がらがらと石や岩の転がり落ちる音が聞こえる。今の余震で、また土砂がはがれたのだろう。
3人のいるところが崩れなかったのは、幸運としか言いようがなかった。
「早くここを離れた方が良いよね」
「そうですね、早く行きましょう」
まひるとカルマがうなずき合う横で、西島は谷間の方を見ていた。その目が次第に厳しいものとなっていく。
どうしたと聞くまでもなく、西島は土砂の溜まった下流の方を指差した。
ダムのように溜まっていた土砂の様子が、先ほどと少し変わっているように見えた。余震の影響なのだろう。だが、そんなことのために指し示したのではなかった。
先ほどまでなかったものが、そこにあった。
遠目だが、見間違えようもない。
人の手が、土砂の中から突き出ていた。
「そんな」
「クソッ!」
切断されたのでなければ、全身がその下に埋まっているはずだ。先ほどまで出ていなかったのだから、今までずっと埋まっていたのだと考えるのが自然だ。ということはつまり、あの手の持ち主が生きている可能性はほとんど無いということだ。
「とりあえず、みんなに連絡しないと」
ショックを隠しきれない様子で、まひるが無線機を取り出した。
「こちらA班のまひる。C班、応答して」
『こちらC班のクリアだよ。何か見つかった?』
「要救助者を1名発見したわ。ただ」
『ただ?』
「土砂に埋まった状態だったわ。生存の可能性は、絶望的よ」
無線機の奥から、クリアと蓮沼の息を呑む声が聞こえてきた。B班もこの通信を聞いているはずだ。おそらく、同じような反応をしているだろう。
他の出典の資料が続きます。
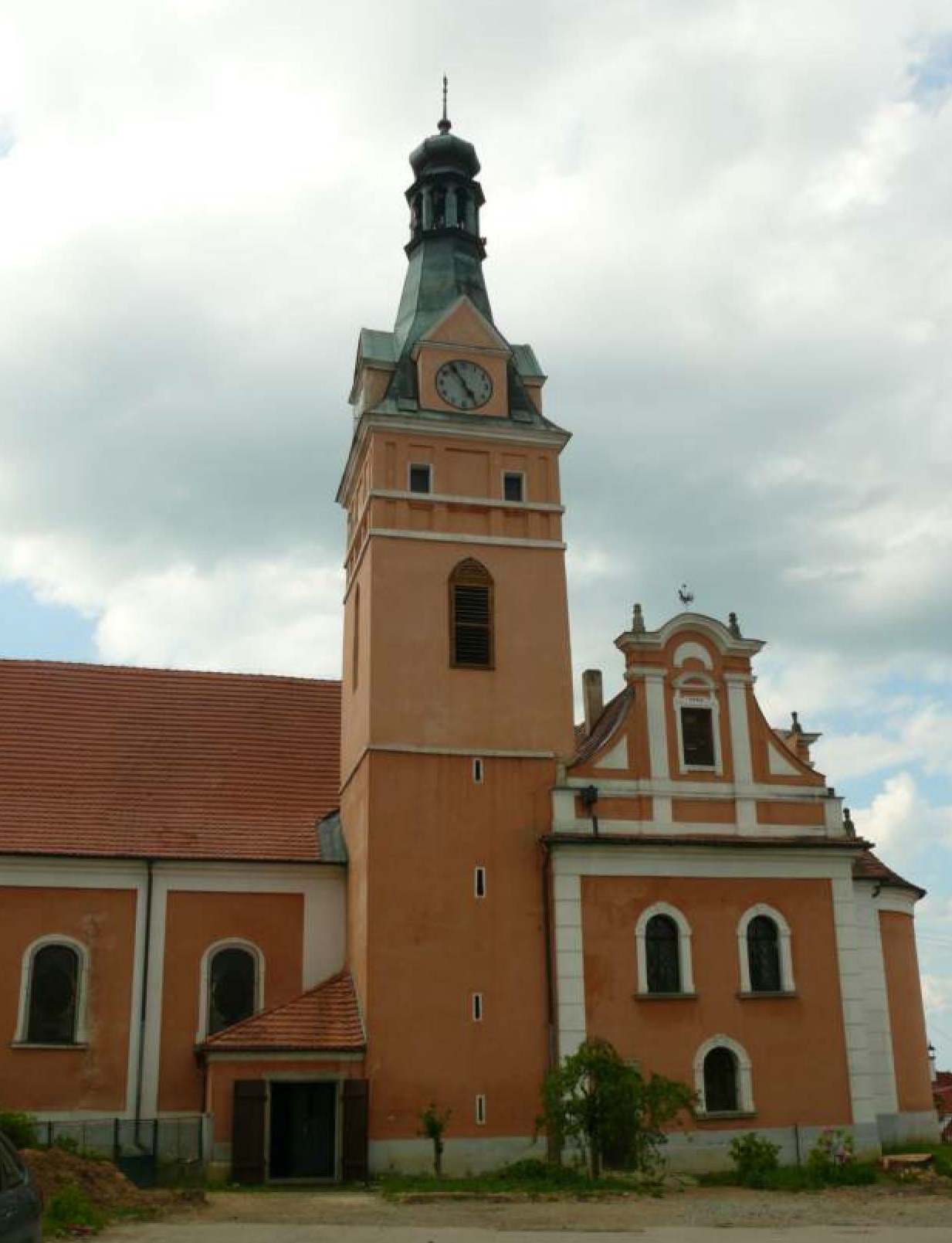 Obec se připomíná r. 1263 jako majetek zlatokorunského kláštera, od r. 1420 v majetku Rožmberků. R. 1437 - 1547 v držení Tábora, od r. 1547 opět v majetku Rožmberků. R. 1544 povýšena na městečko. Plebanie z konce 14. stol., matriky od r. 1694. Kostel původně gotický, poškozen r. 1560, přestavěn v letech 1734 - 1740, r. 1904 prodloužen presbytář.

『確認できそう? その、手の持ち主は。お姉さんか、妹さんか』
気は進まないが、しないわけにはいかない。
そして、その場にいる誰もが、もうひとつの可能性に気づきながらも、それを口に出そうとはしなかった。
遭難しているのは姉妹だ。2人一緒にいた可能性が高い。ということは、つまり。
カルマが双眼鏡を、土砂に埋まった手に向けた。手の形状からある程度は推察できるだろうが、どちらか特定するのは難しいかもしれない。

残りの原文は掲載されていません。